How much of this reflects genuine commitment rather than domestic and geopolitical signalling is debatable. This rhetoric has nevertheless raised expectations domestically and internationally, meaning that reverting back to incremental increases in defence spending of around 1 per cent annually would be problematic.

Still, even modest increases in the rate of growth could be hard to achieve. The LDP must first convince coalition and key electoral partner, Komeito. Komeito, however, signalled its disapproval of big defence increases before and after the general election. Komeito leader Natsuo Yamaguchi claimed that the public opposed large defence increases, and the government should instead prioritise ‘areas that support people’s lives, such as social security, education and child-care’. He also implicitly warned LDP hawks to temper their expectations when he welcomed Kishida as a fellow ‘dove’, emphasising Kishida’s heritage as the leader of the LDP’s moderate and pragmatic Kochikai faction.

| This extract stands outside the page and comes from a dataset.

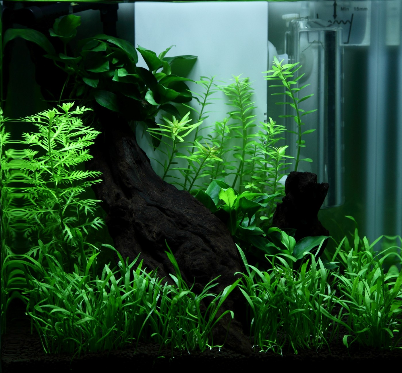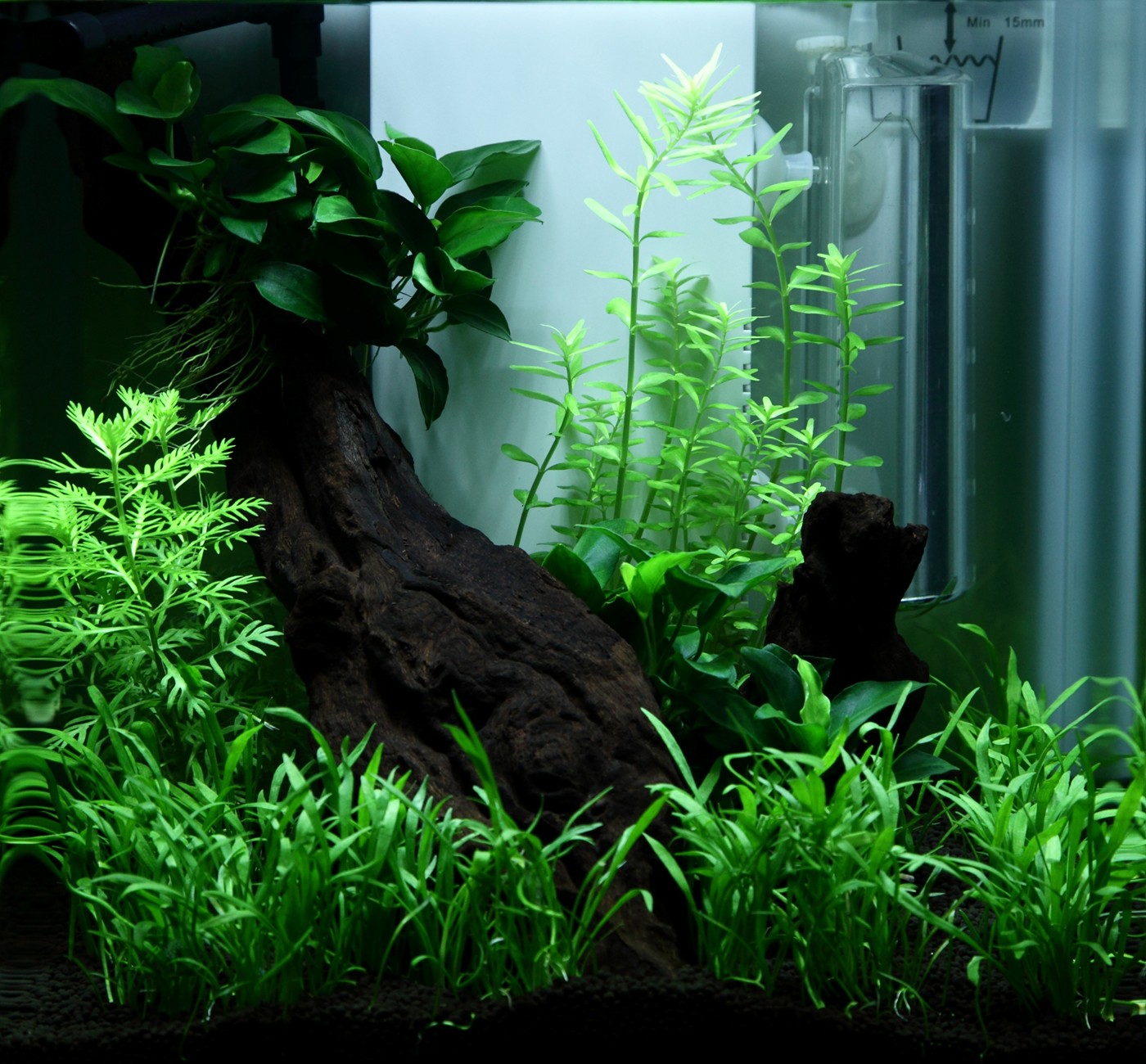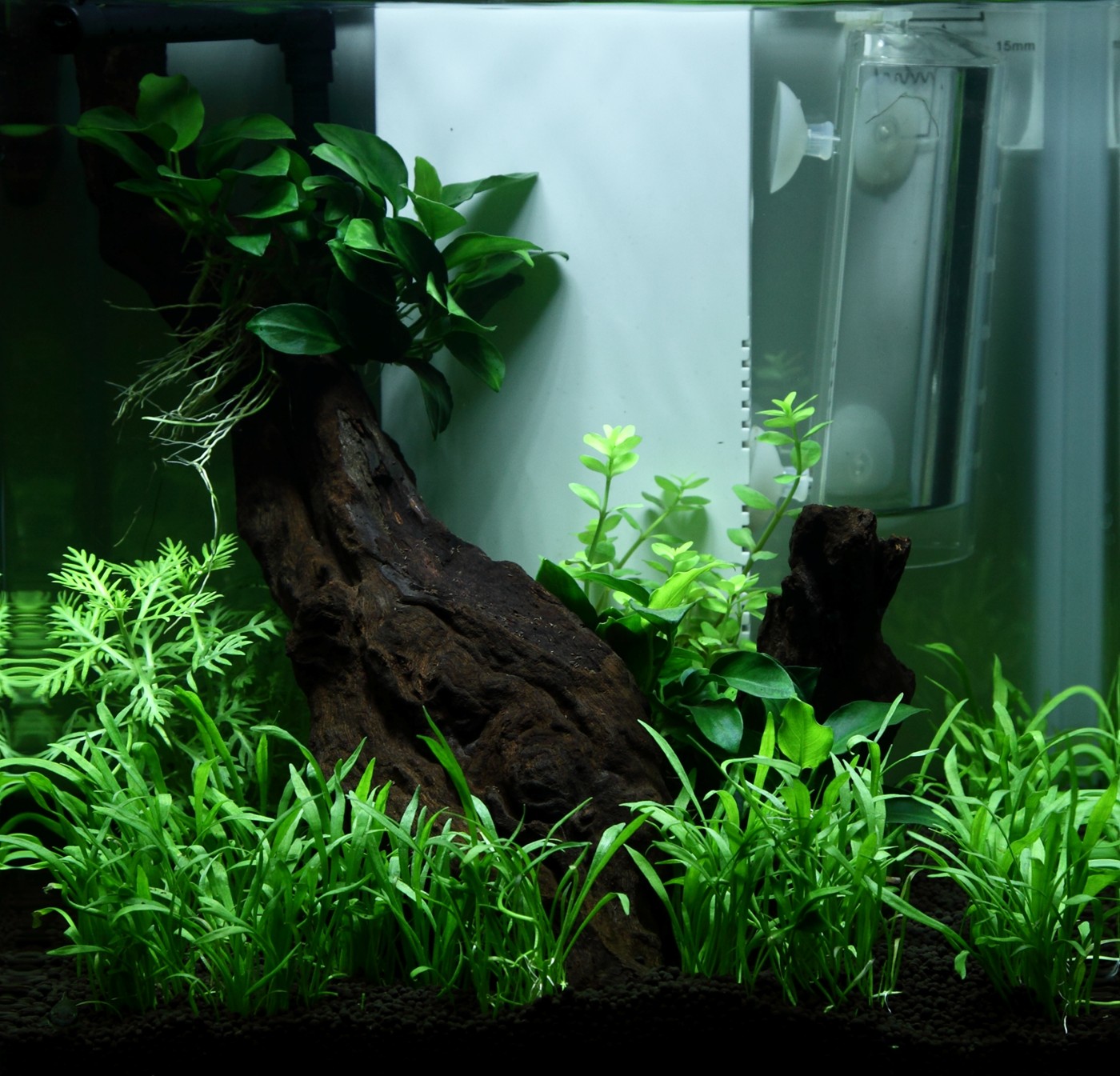 A diagonal mangrove root creates coherence, depth and fine growing conditions for Anubias 'Petite'.
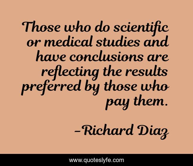 This page presents the quote "Those who do scientific or medical studies and have conclusions are reflecting the results preferred by those who pay them.". Author of this quote is Richard Diaz. This quote is about medicine, science, studies,.

While the Japanese public may appear dovish on security issues and fiscally hawkish, public sentiment towards defence strengthening has recently shifted towards lukewarm support. The last decade has also shown that fiscal austerity and the national debt are not overriding public concerns. Being able to better address strategic insecurities arising from the deteriorating external environment may instead depend on the government successfully assuaging the Japanese public’s economic and political insecurities.

It could do this by demonstrating that it is serious about growing the economy in ways that benefit the middle class before allowing defence to make greater claims on economic resources.

A serious attempt by Kishida at implementing his ‘new Japanese capitalism’ agenda by coupling increased social support with substantial government investments to stimulate equitable growth would greatly help. If successful, it would not only increase the economic resources available to support Japan’s defence, but would politically strengthen Japanese leaders’ hands to make bolder, longer-term defence changes. Neither instinctively anti-China nor ideologically committed to controversial revisionist positions, Kishida may also be well placed to provide political reassurance even while making bolder moves on national security than was possible during the Abe era.

Kishida still needs to manage the post-COVID-19 recovery process by balancing multiple demands emanating from within the coalition government. But if he retains his political strength beyond the upper house election in July 2022, Kishida will be positioned to continue the process of defence policy change in Japan — should he want to — with defence spending the next target.

Corey Wallace is Assistant Professor at Kanagawa University.